2007-05-29 18:21:37 · 3 answers · asked by Heath 1 in Science & Mathematics Biology

3 answers

When you "see" something, your brain is interpreting information that is coming in from your eyes. It is not like a video tape, closer to digital, but chemical instead of electrical. The brain stores these images in the form it interprets them. The brain is also very selective in which information is stored or it would be overwhelmed with too much information. It does not store all the information coming into your eyes. Only a very small portion that is deemed important. As when you focus on one little thing and "see" nothing around it.

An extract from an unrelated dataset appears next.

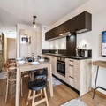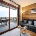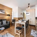 This thoughtfully designed 2-room apartment with a cozy sleeping alcove accommodates up to six guests, ensuring a comfortable and memorable experience. The open-plan kitchen is fully equipped for preparing hearty meals after a day of adventure, while the living room, complete with a plush sofa bed, opens onto a private terrace where you can unwind and soak in the stunning vistas. The main bedroom features a luxurious double bed, complemented by a charming bunk bed room, making it perfect for families with children. Modern amenities such as a ski locker, enclosed garage, and included services like linens, toiletries, and end-of-stay cleaning add to the convenience and ease of your stay.
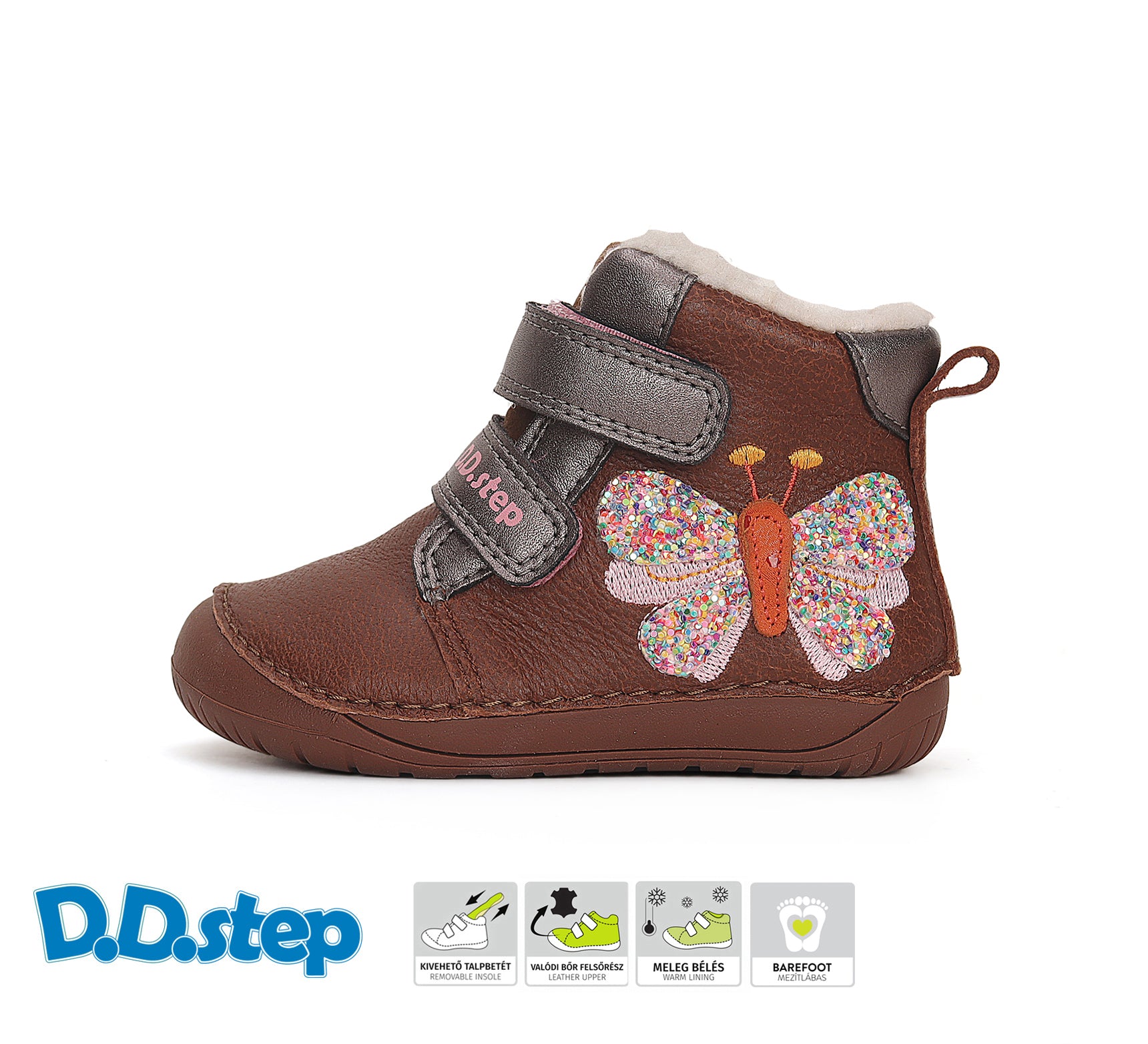 Bota respetuosa repelente al agua con borreguito color Chocolate con Mariposa

When you remember something visual, the brain brings that image back to the fore from what has been stored. And, yes, that is the same thing happening when you see vivid images in dreams.

2007-05-30 02:59:10 · answer #1 · answered by Joan H 6 · 0 0

Well when you look at something you brain make a copy of it in you head with chemicls and stuff like that. When you recall that image you brain repoduces the same chemicls and stuff to produce that same image.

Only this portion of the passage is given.